Back home, I remembered I had used this took, Hugin, to create panoramic images a while back. It was a pain: you had to couple up the images and click on a series of points that matched up. Image 1, image 2, click, click, click, click, click... Then Hugin would figure out just exactly how badly you had screwed up your picture by tilting, turning, panning, etc. and would create a panorama. It took about four hours of tedious work.

I wasn't looking forward to that, so I looked on my computer (apt-cache search panorama) for alternatives. I downloaded all of them. There was a GIMP plugin called pandora that didn't seem to be doing much, but it complained initially about not having an application from hugin installed (I just had to restart GIMP to make it work). There was an "easy to use" application called fotoxx that seemed more primitive than easy to use.

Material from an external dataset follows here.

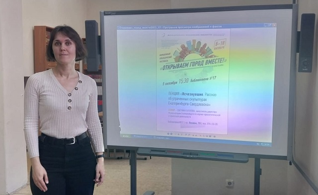 В рамках Молодежного краеведческого фестиваля «Открываем город вместе» в библиотеке № 17 прошла лекция «Исчезнувшие. Рассказ об утраченных скульптурах Екатеринбург — Свердловска». Спикер — Светлана Булатова, заместитель директора Музея истории Екатеринбурга по научно-просветительской и проектной деятельности. На лекцию пришли студенты и курсанты Уральского института Государственной противопожарной службы МЧС России.

There was a CLI app called enblend. Other stuff seemed to be mostly supporting software.

I wept, I gnashed my teeth, and I started Hugin. Lo and behold! It started with a tabbed interface and (miracles!) a WIZARD!!! It promised it would ask you what it wanted, and started by asking about the pictures you wanted to use as a base. Then it started working, actually giving me feedback so that I didn't have to wonder whether it had died on me. Then it came out with a crude map of the panorama. Perfect! It had figured it all out on its own!

Next came a series of optimization steps, and that's where Hugin need to be a little more proactive. For instance, it won't tell you that it will adjust exposure, so you worry how weird things will look like with this particular section overexposed. It also shows you how it tilted and modified the original image to make it fit into the panorama - a real miracle.

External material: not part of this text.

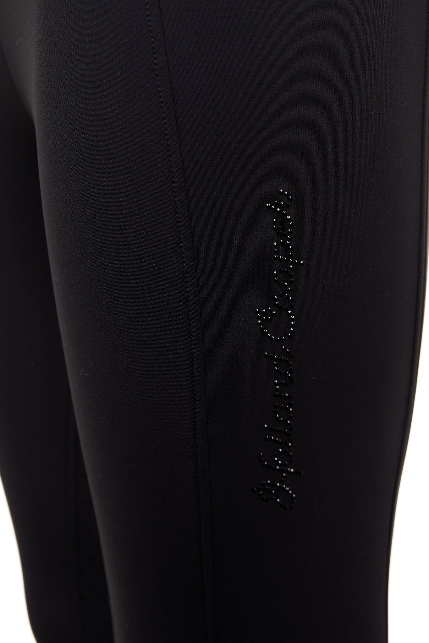 Lined with a luxuriously soft fleece, these water-resistant leggings were designed to ensure maximum movement and comfort whilst in and out of the saddle. High-waisted and made with a slim fit that lifts and contours your figure. Complete with monogrammed silicone riding knee grips and embellished with crystals to the leg.

Once I figured out the optimization step (about ten minutes), I saved the project for later re-use and exported the image. That was fun!

I should mention at this point that Hugin sensibly leaves parts of the image out that aren't included in the image components. That means that a section at the top and the bottom were missing and needed to be filled out. To get that done, I used the outstandingly marvelous "Smart Remove Selection" plugin for the GIMP.

Use OpenOffice.org to Create an Image Gallery

I went on this hike on Christmas Eve - a steep trail down a ravine, with the most unusual people and the most unusual features. At the end, a gorgeous beach with surfers and pretty ladies with parasols waiting for them. Huge mansions staring down from lofty cliffs, and an amazing sunset that colored the cliffs a golden hue of honey.

I looked at the pictures, and they were pretty. Unfortunately, due to the unusual nature of the features and the number of different things you were looking at, it wasn't quite clear how (or even if) they belonged together, and what the story behind them was. The pictures needed an explanation. A story had to be told.

I did what I do these days when I record a hike: I posted the pictures on Facebook. Add the pictures, add captions, and wait for comments. That sure works, in a crude way. More generally, though, this approach has several issues:
  • In Facebook, the caption is an afterthought. You read it only if you don't know what the picture is about, or if you happen to stumble upon it
  • Facebook has no way to annotate an image. You cannot highlight portions, add notes, or expand parts for better viewing. You have to edit the image outside Facebook and upload it with annotations
  • Facebook doesn't provide a way to visualize a story as a video, with slide auto-transition
I realized that what I wanted was a video. Something like the DVD authoring software that takes an image folder and makes it into a DVD. You put it into the DVD player and you get a slide show.

Wait! I said the words! Slide show! My gallery was a dreaded Powerpoint™ presentation!!!

Now, every geek hates Powerpoint presentations. That's because we have sat through one too many of them. The one that usually ends it for us is the one where the marketing drone discovered transitions and animations, and now we have to sit through an hour of flashing text and banners that swirl through the air into place. Meanwhile, we are thinking about this bug that needs to be fixed and about the pickup basketball game we are missing.

But slide shows are perfect for the purpose I had in mind. Put a bunch of pictures together, add the text that explains them, and use the presentation software's awesome annotation powers to enhance the image. Stay away from gimmicks as much as possible and you got yourself a video.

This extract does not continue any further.